MADISON - Terms like “almond milk,” “soy cheese” and “walnut burger” would be banned under legislation Republican state lawmakers are pursuing.

“Walk into most grocery stores and the 2 percent milk will be sitting next to soy milk and almond milk,” Republican Sen. Howard Marklein of Spring Green said Thursday at a public hearing on the bills he’s sponsoring.

He noted plant-based Impossible Burgers often are listed on the burger section of restaurant menus.

“This is not right,” he said.

The measures are meant to help struggling Wisconsin farmers, particularly dairy farmers who have seen a wave of bankruptcies amid low prices and trade wars. Dairy farmers have long contended alternative beverages have cut into their sales.

But even if the legislation becomes law, dairy farmers would not immediately get what they want. The ban on labels such as “rice milk” and “soy cheese” would take effect only if 10 other states adopted similar legislation.

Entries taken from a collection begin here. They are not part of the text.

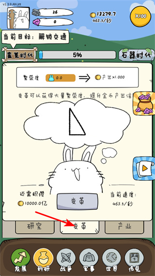 4、点击变革按钮,可触发文明变革进程,变革能大幅提升金币产出等收益,是文明进阶的关键操作,完成变革可推动文明进入新阶段,开启可能。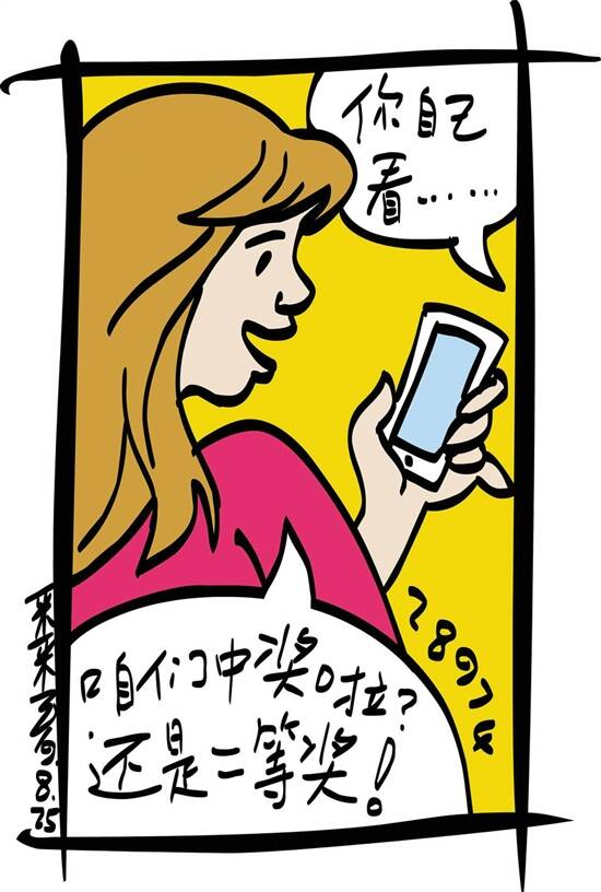 插图 采采那天,潘灵加班到凌晨3点,何弘来接她时,她期待地问:“看了这期彩票开奖信息没有?”何弘说:“我也才下班,还没顾上看呢。”“那赶紧看呀。”何弘看了一眼,又看了一眼,突然对潘灵说:“先回家。”回到家后,潘灵看何弘脸色发白,着急地问:“怎么啦?”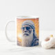 Witziges Zitat: "Noch nicht, ich bin noch nicht mit meinem Kaffee fertig." Alter Hippie- oder Bikermann mit langem Bart und Sonnenuntergang hinter ihm sieht ernsthaft aus.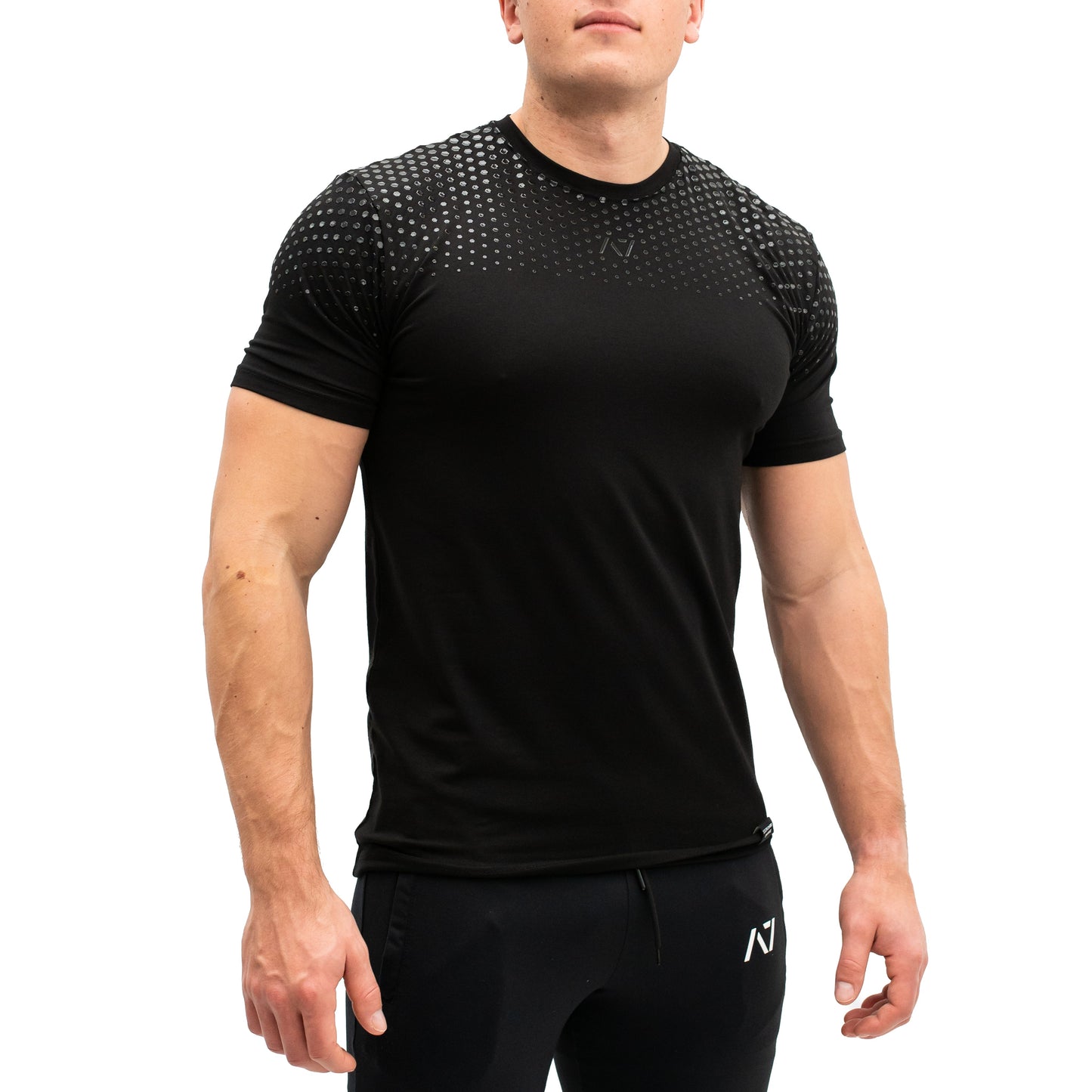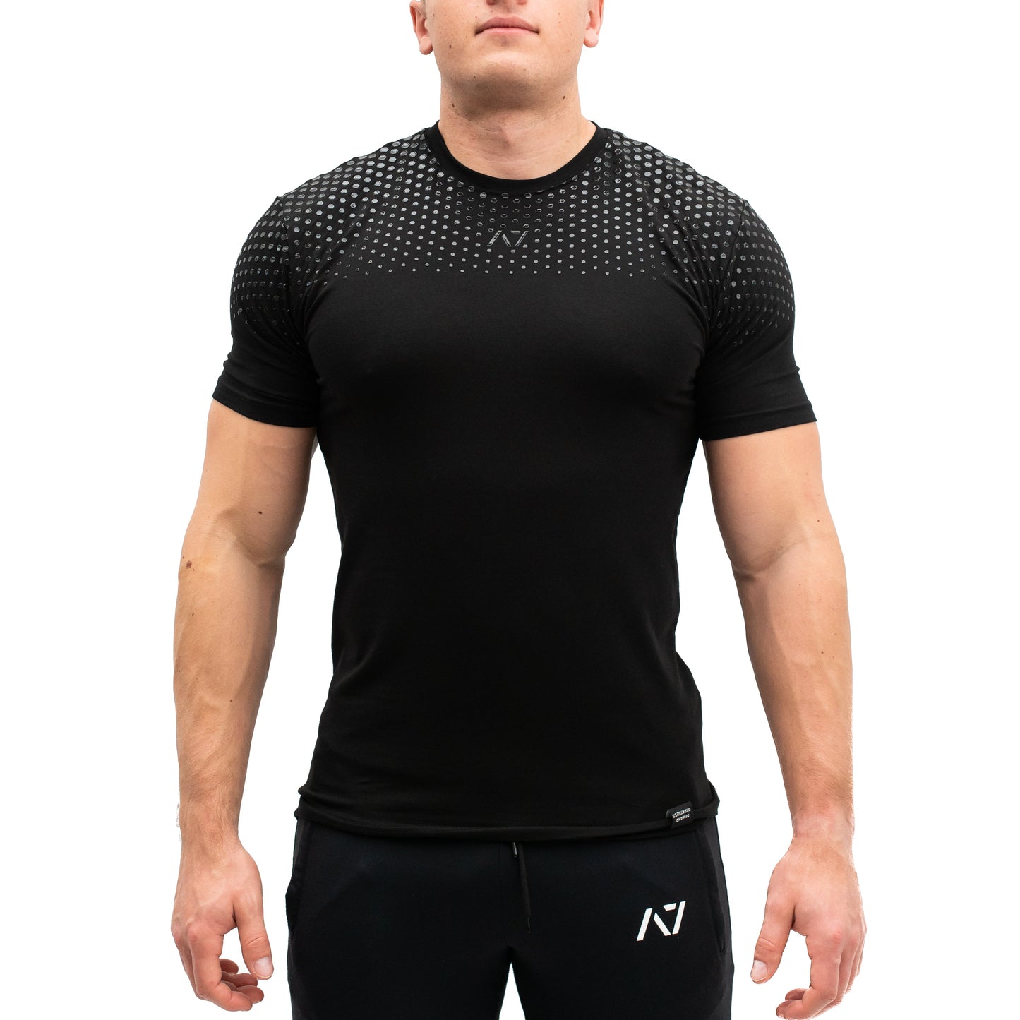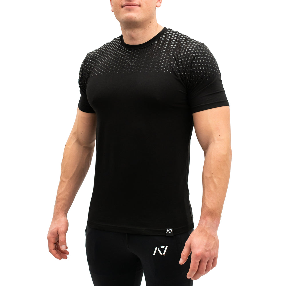 A7 Bar Grip is a one-of-a-kind performance shirt with a patent-pending silicone grip on the back that is designed to help with slippery commercial benches and bars. The grip helps you stick to the bench during bench press and anchors the barbell to your back when squatting. Bar Grip is the ultimate training shirt for powerlifting, strongman and weightlifting workouts.

The push comes amid a similar national effort. Democratic U.S. Sen. Tammy Baldwin of Wisconsin has backed federal legislation on the issue and U.S. Agriculture Secretary Sonny Perdue at a stop in Madison this month expressed sympathy for banning such terms.

Senate Bill 466 would ban labeling or selling a beverage as milk unless it came from cows, goats or certain other animals. The ban would take effect only if 10 of 15 states mentioned in the bill had approved similar bans by 2031.

 That provision was included to try to make sure the legislation is in keeping with the U.S. Constitution’s commerce clause, which leaves the regulation of interstate business activity to Congress, not states.

The states that would have to pass similar bans are mostly in the Midwest. They are: Illinois, Indiana, Iowa, Kentucky, Maryland, Michigan, Minnesota, Missouri, North Dakota, North Carolina, Ohio, South Dakota, Tennessee, Virginia and West Virginia.

Similarly, Senate Bill 463 would ban labeling or selling a product as cream, yogurt or cheese unless it included dairy. That measure would also take effect only if 10 other states put in place similar bans, under an amendment to the legislation backed by the bill’s authors.

Senate Bill 464 would ban labeling or selling a product as meat, bacon or similar term unless it included the flesh of an animal. That legislation does not include a requirement that other states adopt similar bans because 11 other states have already done so, according to Marklein and other backers.  

Under the bills, those who sold products as “soy milk," “soy bacon” or the like could be fined $100 to $1,000 and jailed for up to nine months for a first offense. Sen. Chris Larson, a Democrat from Milwaukee, called such punishments too severe for “a new crime of having a grocer putting almond milk on the shelf.”

“That’s something people should be locked away for?” he asked at the public hearing.

Responded Marklein: “There’s got to be teeth in it or otherwise it’s just a piece of paper.”

To become law, the legislation would need to be approved by the Republican-controlled Legislature and Democratic Gov. Tony Evers.

Senate Majority Leader Scott Fitzgerald, R-Juneau, said he liked what he's heard about the bill but wants to talk to Marklein about it. 

"I would support the dairy industry a hundred percent and if this bill would have an effect on supporting Wisconsin's dairy industry, it would be great," Fitzgerald told reporters. "It sounds like a good idea to me."